Decay
In which I rummage around my brain looking for circuit breakers and shed light on new things.
It is not popular to talk about change in terms of decay. Decay is a natural process of change—unavoidable, constant—but capitalist hustle culture favours more flamboyant change. Change you can get behind. Change you can make a project out of. Change you can make a name for yourself by initiating or being part of.
Decay is not a sexy project, it just happens, constantly. All change involves loss as well as gain but decay is just loss so we don’t showcase it. We allow ideas, initiatives, processes, products, and best practices to shrivel on the vine in favour of bright-looking new ones. Often when I am in the initial audit phase of my consulting work, I unearth ideas, materials, and projects that clients abandoned but which give important clues about what’s needed now.

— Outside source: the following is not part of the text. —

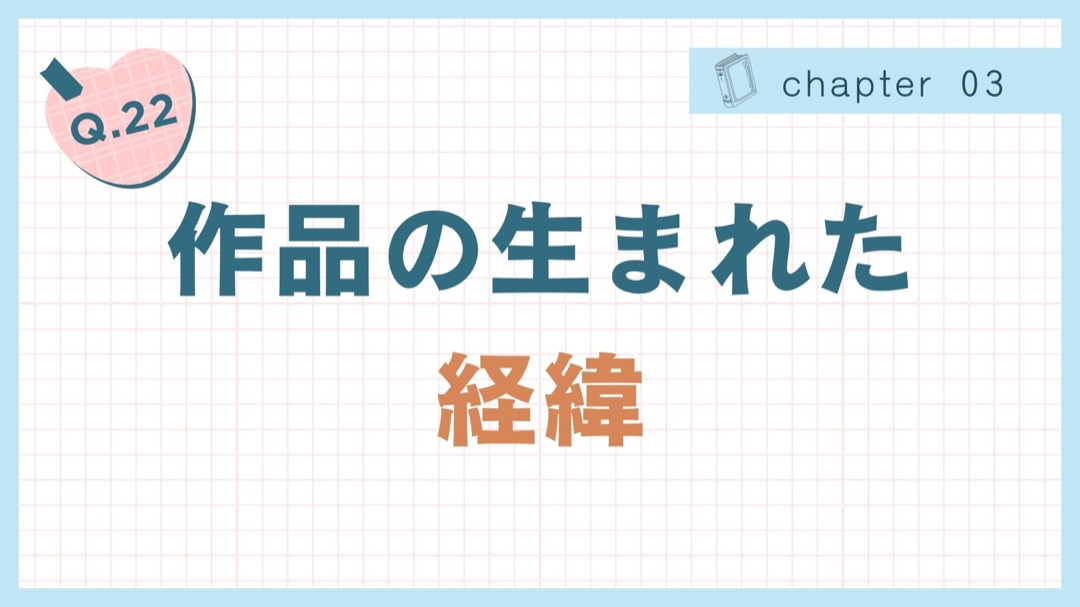 これも、言われて初めて気づきました。読んでくださる方でそこまで見てくださっている感想は初めてで、すごくありがたかったです。

What if decay was not seen as loss? What if we consider it instead as a kind of reorganization?
From green leaf to yellow, to brown, to mulch, to nutrients that feed a new form of life. All the constituent parts of something—the atoms, fibres, energetic connections—deteriorating in their current forms to become something else, or several other things. That’s worth paying attention to, being curious about what happens next, and how and why.
Until the pandemic, I taught a style of partner dance called West Coast Swing. In an average week I would spend 5-10 hours teaching it in different ways—group classes, private lessons, workshops, teaching others to teach it—in addition to many hours of my own practice. I’m only now beginning to teach it again after a full 4 years of not teaching at all, and almost as much time not dancing it.

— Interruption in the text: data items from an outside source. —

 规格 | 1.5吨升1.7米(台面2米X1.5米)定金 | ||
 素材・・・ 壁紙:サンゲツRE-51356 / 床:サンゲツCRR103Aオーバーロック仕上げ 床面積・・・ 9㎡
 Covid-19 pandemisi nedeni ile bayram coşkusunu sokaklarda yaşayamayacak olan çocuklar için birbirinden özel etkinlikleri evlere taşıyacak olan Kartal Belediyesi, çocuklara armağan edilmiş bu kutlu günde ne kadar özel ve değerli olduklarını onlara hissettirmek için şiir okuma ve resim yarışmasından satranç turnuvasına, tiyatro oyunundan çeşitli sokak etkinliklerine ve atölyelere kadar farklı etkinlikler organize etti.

As I wander through the mechanical room of my dance-teaching brain looking for the right circuit breakers to turn back on, I am fascinated by the deterioration that has occurred.
Reassembling the toolbelt
Teaching used to be like wearing a big, fabulously equipped tool belt. I had acquired so many tools and was a whiz at using most of them. I knew the location of every one of them and which was best to pull out for what purposes. I could juggle several tools at once, combine their use, and find new uses for them in the moment. It was a thrill, it felt like mastery, I was so proud of that toolbelt and my own dexterity.
Now, I go searching for the tools—figuratively and literally.

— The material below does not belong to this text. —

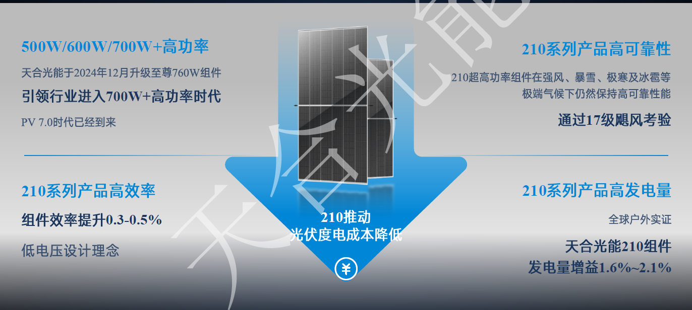 此外,其还对天合贡献:打造生态圈——700W+生态联盟推进210产业化;天合贡献:标准推动——中/大版型设计正式纳入各标准;行业尺寸统一,黄金尺寸板型至尊N型组件产品家族;天合组件:尺寸不变技术升级,满足23.8%的效率需求等进行了介绍。

Figuratively, the tips, tricks, concepts, explanations, and exercises I used to be able to draw on in an improvisational way are no longer front-of-mind or tip-of-tongue. They bubble up slowly from the murky depths of memory. When they finally arrive in useful forms, they tend to appear in a sub-optimal order. I try them out one at a time and slowly reconstruct how best to combine and present them. My students are gracious and patient, I feel fortunate.
Literally, I am reassembling my teaching toolkit. Today I unearthed some rubber resistance bands of varying sizes that I find useful for teaching certain concepts. I found them in the back corner of a bin I had not opened for years. Some had nearly disintegrated and they snapped into bits as I tried to use them, tried to remember how I used to use them, and experimented to come up with a new way that I want to use them. I spent more time finding, culling, and organizing them, then cutting new ones than I spent actually playing with them.
Getting clearer
Although I wasn’t exactly prepared for this challenge when I decided to attempt teaching again, it’s had some advantages. Because I am slower to use the tools now, I reconsider every one of them. In the process, I’ve realized that I don’t want to use some of them anymore, or not in the ways I used to. Certain things are much clearer to me now than they were before. Concepts and tools that I used to take for granted I now have questions about and am beginning to ask those questions of others. Whatever I learn, it will make me a better teacher because I will be more clear about things. It is exciting to see a path ahead, to feel that I can become an evermore efficient and effective communicator and guide.
At first, recognizing the deterioration in my teaching faculties was alarming. I spent months questioning whether it was even responsible for me to return to teaching, whether I had anything to offer. But it also motivated me to review 20 years’ worth of notes from my training as well as all my past teaching notes and class plans.
Perhaps for the first time, I understood the story of my own dance. I could trace how concepts explored over time and across many coaches and mentors have come to shape me.
It’s giving me a new approach and perspective—something valuable for anyone with expertise in a topic to experience. While I wouldn’t recommend a pandemic or an excessively long break from something you care deeply about, I can vouch for the benefits of time away from it to see what naturally decays and what new fruit sprouts.
Many of us got that opportunity during 2020 - 2021 (and perhaps longer). If you let go of something that was important during that time, what do you find when you return to examine it once more?
Thank you for a great return 🙏
I loved this line the most, “From green leaf to yellow, to brown, to mulch, to nutrients that feed a new form of life. All the constituent parts of something—the atoms, fibres, energetic connections—deteriorating in their current forms to become something else, or several other things”.
I started listening to How I Built This Again after a break since before the pandemic. I am reminded that the theme of every episode is how the failures of the entrepreneur sow the seeds for what is to come next.